Search code examples
c++assemblyinline

Inline c++ method in assembly


Lets have a small class called myClass. I was interested how does look the difference in .asm when method is inlined or not. I made two programs, with and without inline keyword in cpp file, but the .asm output was the same. I know that the inline is just a hint for compiler, and with the high probability I was a victim of an optimization, but is it possible to see the difference on a small cpp example of inlined and not inlined method in asm?

h:

#ifndef CLASS_H
#define CLASS_H

class myClass{
private:
  int a;
public:
  int getA() const;
};

#endif

cpp:

#include <class.h>
inline int myCLass::getA() const{
  return a;
};

main:

#include "class.h"

int main(){
    myClass a;
    a.getA();
    return 0;
}

gcc:

gcc -S -O0 main.cpp

asm output in both cases:

    .section    __TEXT,__text,regular,pure_instructions
    .build_version macos, 10, 14
    .globl  _main                   ## -- Begin function main
    .p2align    4, 0x90
_main:                                  ## @main
    .cfi_startproc
## %bb.0:
    pushq   %rbp
    .cfi_def_cfa_offset 16
    .cfi_offset %rbp, -16
    movq    %rsp, %rbp
    .cfi_def_cfa_register %rbp
    subq    $16, %rsp
    leaq    -8(%rbp), %rdi
    movl    $0, -4(%rbp)
    callq   __ZNK7myClass4getAEv
    xorl    %ecx, %ecx
    movl    %eax, -12(%rbp)         ## 4-byte Spill
    movl    %ecx, %eax
    addq    $16, %rsp
    popq    %rbp
    retq
    .cfi_endproc
                                        ## -- End function

.subsections_via_symbols

Solution

  • gcc -O0 doesn't enable -finline-functions, so even if the functions were in the same file it wouldn't try. See also Why is this C++ wrapper class not being inlined away?. (Don't bother trying to use __attribute__((always_inline)): you'll get inlining, things won't optimize away.

    You could get things inlined with gcc -O3 -fwhole-program *.cpp to enable inlining across source files. (Regardless of whether they were declared inline or not, it's just up to the compiler to decide what's best).

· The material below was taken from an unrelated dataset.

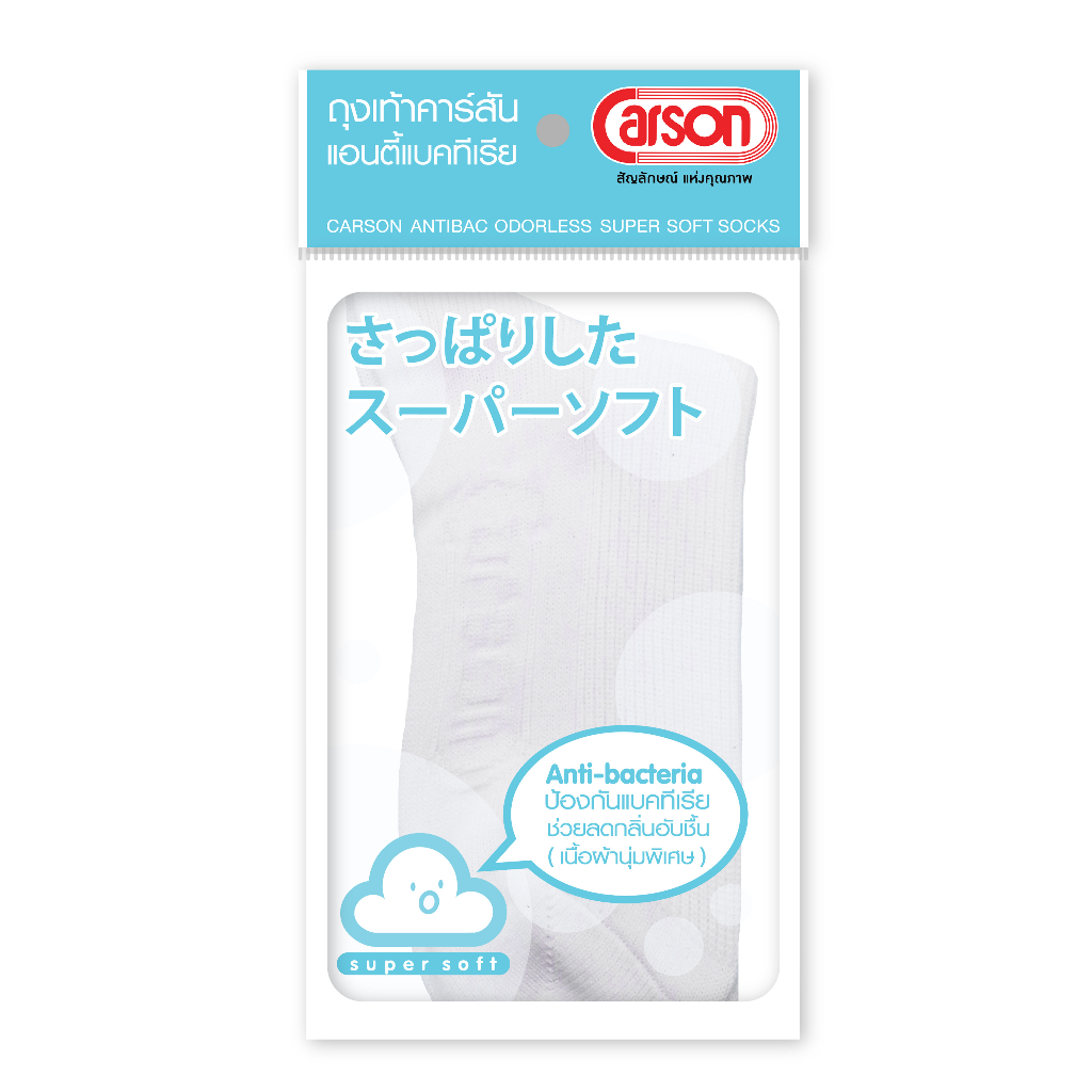 ถุงเท้านักเรียน Carson รุ่นแอนตี้แบคทีเรีย99.99% สีขาว แพ็ค 1 คู่ เนื้อผ้า Nylon [ส้นเท้าปลายเท้าหนา 2 เท่า]
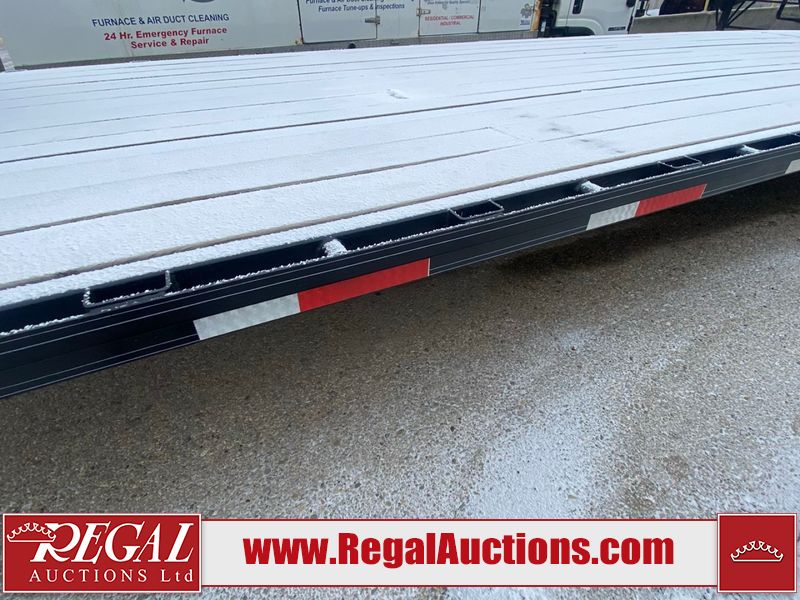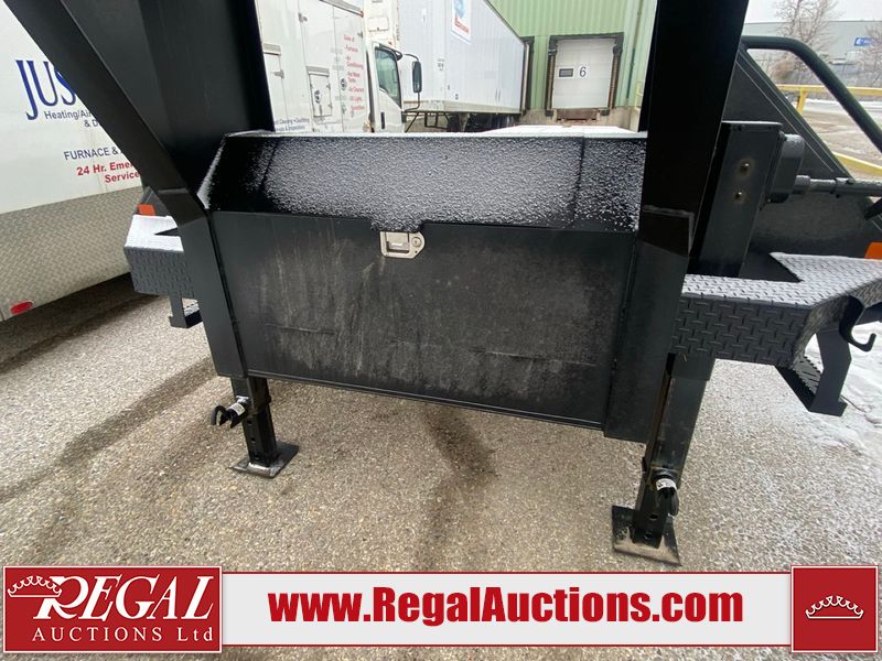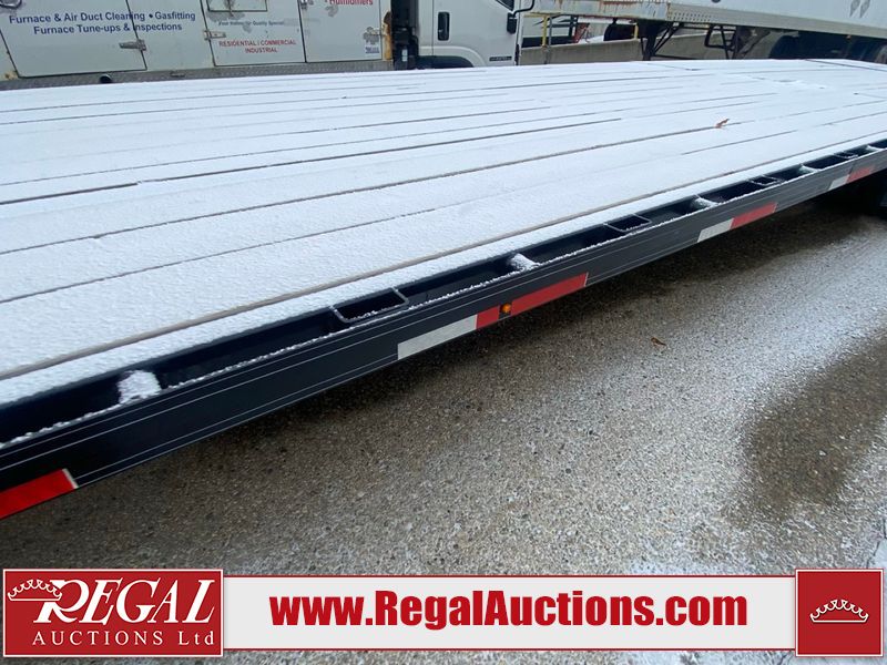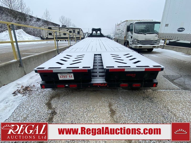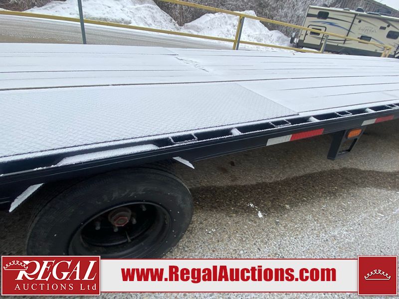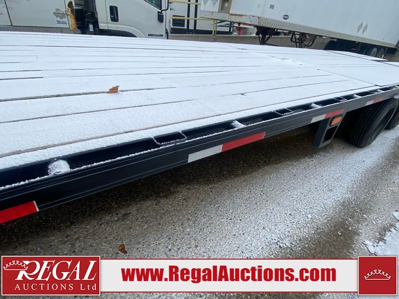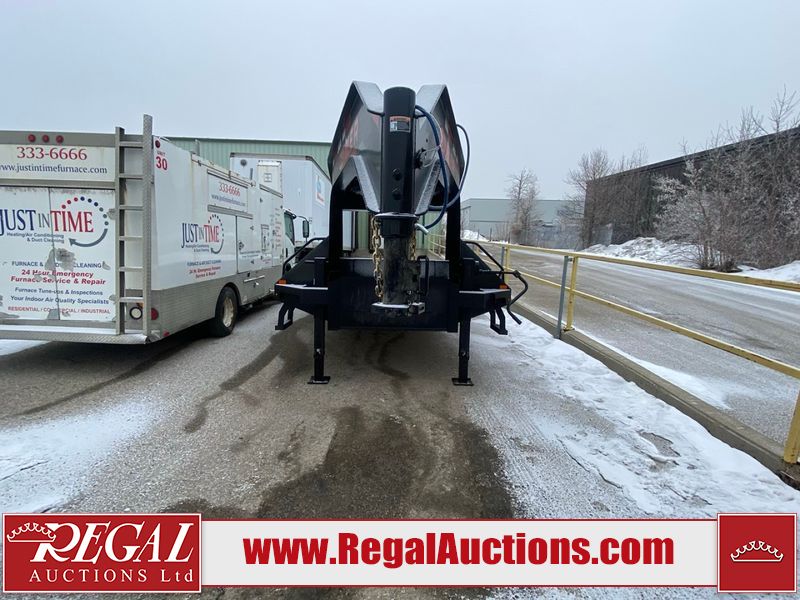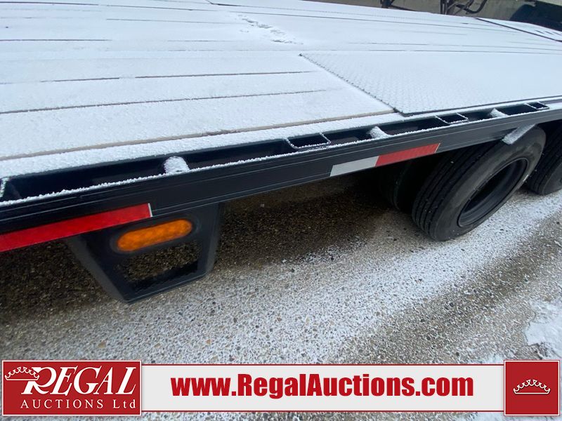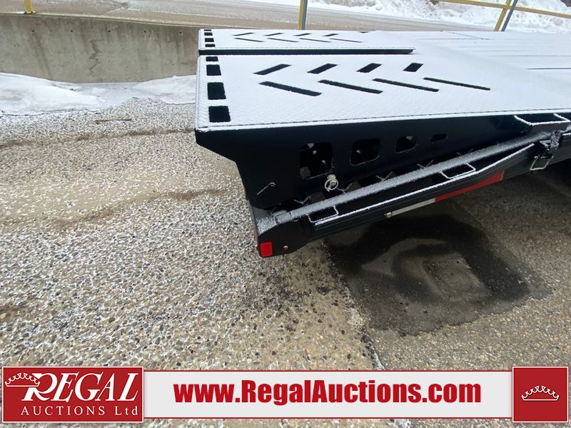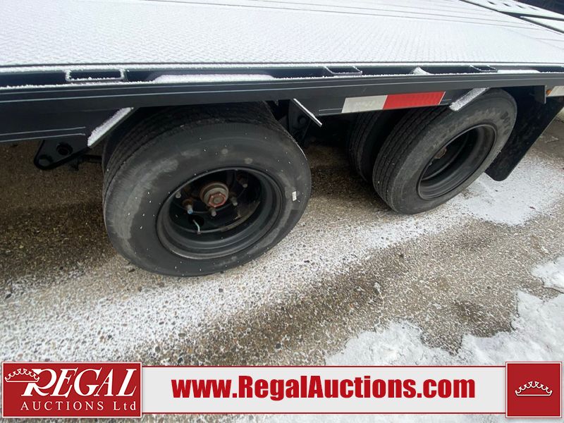 This unit is a 2025 Double A GHB318–40 gooseneck flat deck trailer. Its GVWR is 30,000 pounds. The front panels are showing minor chips, scratches, and scuffs. The deck is made of wood planks and is showing in good overall condition. This unit is equipped with leaf spring suspension. The tires are mounted to alloy rims in, appear to be in good enough condition for use. This unit is equipped with fold down beaver tail ramps.

    The main point of inline is to let the compiler know that it doesn't need to emit a stand-alone definition of a function if it does choose to inline it into all callers. (Because a definition, not just a declaration, of this function will appear in all translation units that use it. So if some other file decides not to inline it, a definition can be emitted there.)

    Modern compilers still use their normal heuristics to decide whether it's worth inlining or not. e.g. a large function with multiple callers will probably not be inlined, to avoid code bloat. static tells the compiler that no other translation unit can see the function, so if there's only one caller in this file it will very likely inline there. (If you have a large function, it's a bad idea to make it static inline. You'll get a copy of the definition in each file where it doesn't inline, and too aggressive inlining. For a small function that's probably going to inline everywhere, you should probably still just use inline, not static inline, so in case anything takes the address of the function there will only be one definition shared across all files. inline tells the linker to merge duplicate definitions of a function instead of erroring. This behaviour is one of the more important parts of what inline really does, not the actual hint to the compiler that you want it to inline.)


    gcc -fwhole-program (with all the source files on the same command line) gives the compiler enough information to make all these decision itself. It can see if a function only has one caller across the whole program, and inline it instead of creating a stand-alone definition plus arg setup and a call.

    gcc -flto allows link-time optimization similar to whole-program, but doesn't require all the .cpp files on the command line at once. Instead it stores GIMPLE code in the .o files and finishes optimizing at link time.